Pain needs interpreting

If a patient visits the doctor with chest pain, the first thing a good doctor will want to do is diagnose the cause of the pain. Just prescribing aspirin isn’t good healthcare. The chest pain needs exploring, examining and analysing. Only then can it be treated. While sympathy is a valuable virtue in a doctor, a patient wouldn’t and shouldn’t be pleased if all they get from a doctor is sympathy. 

In a similar way, as a pastor, my job is to help people interpret their pain. Pain itself – though very unpleasant – doesn’t tell us much. It hurts. It’s uncomfortable. It’s upsetting. We don’t want it. Often, we just want it to go away! But good spiritual care requires interpretation of our pain. 

But we live at a time when there is a lot of reluctance to interpret pain. Instead, we are encouraged to present our pain as an explanation. For example, “the reason I’m not obeying that particular biblical command is because I’m hurting”. Our pain becomes a conversation-stopper rather than a conversation-starterSo, the Bible tells us to “weep with those who weep” (Rom 12:15). It tells us our tears are stored up in God’s bottle and recorded in his book (Psalm 56:8). But our tears are not to stop us sowing (Psalm 126:5), praying (Heb 5:7), admonishing (Acts 20:31), sending difficult correspondence (2 Cor 2:4), and worshipping the Lord Jesus (Luke 7:38,44). Our pain isn’t a trump-card that overrides explicit biblical commands or releases us from our moral duties. 

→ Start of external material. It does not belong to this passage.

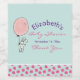 Wine labels for a baby shower. Designed with a whimsical white bunny holding a big pink balloon floating up in the air. Pink polka dot circles create a cute and charming border. Set on a light blue-green background.

Now, pain confuses the mind; it jumbles up our thoughts. Pain provokes anger, self-defence, lashing out. It causes us to hide, and retreat. So, this process of interpreting pain isn’t like interpreting a text of Shakespeare. Interpreting pain isn’t an academic exercise, where you sit down with pen and paper and write a carefully composed essay, which will get marked. Nor is it a closed, presumptuous reading of people’s pain. Job’s comforters were quick to interpret Job’s pain, and had locked-down, water-tight explanations, which were plain wrong. Interpreting pain requires wisdom, discernment, and prayer (Prov 20:5; 2 Kings 4:27; James 1:5).

But the Bible does call us to interpret our pain. It invites us to see it as “discipline” from our loving Father (Heb 12:5-9), designed to “train” us. It presents pain as “trials” that are sent to “test” our “faith” (James 1:2-4). It tells us that some pain is a consequence of our sinful choices (Psalm 32:3-4), some pain is a consequence of our godliness (2 Tim 3:12). Other pain is not a consequence of anything, but an opportunity for God to showcase his glory (John 9:3). Determining how to “read” our pain spiritually is as hard as a doctor figuring out the cause of chest-pain. 

Rather than just react to pain, the Bible calls us to act towards it. We’re not to just be subject to our pain, blown about in every direction by it. Rather we’re to respond to it, and subject it to the light of God’s word. 

In fact, whether we realise it or not, we are always, already interpreting it. The question is: are those interpretations accurate? Are they biblical? The pictures we use to describe our pain are themselves mini acts of interpretation. Maybe your pain is a Leviathan-like monster that God has unleashed on you, attacking you remorselessly (e.g. Job 41). Maybe your pain is coming from an aggressor, who is victimising you, and you’re unjustly attacked (Psalm 3:1). But lots of times we use unbiblical forms of interpretation. For example, it’s common for people to interpret their pain as meaning-less. “This situation, this trial, this battle is point-less and hope-less. So, I don’t see why I shouldn’t just give up doing what’s right”. But there is meaning in it. That meaning may be hidden from you – and it often is. But our heavenly Father has a purpose in it. Good pastoring is not quick to slap interpretive labels on people’s pain. But it does desire to stand with the sufferer to help them think, and act biblically towards their suffering. 

Pain is horrible. None of us like it. But it is also unavoidable this side of glory (Rev 21:4). So, what pastors are here to do is to help you interpret it. That’s not the same as understanding it. We can’t take away the mystery of anybody’s pain. But without interpretation, our pain will get the better of us. Rather than let our pain swallow up Scripture, we’re to let Scripture interpret and shape our pain, not to make it go away, nor to give neat, finished answers, but to draw us closer to Jesus, our Redeemer, who is working it for our good (Rom 8:28).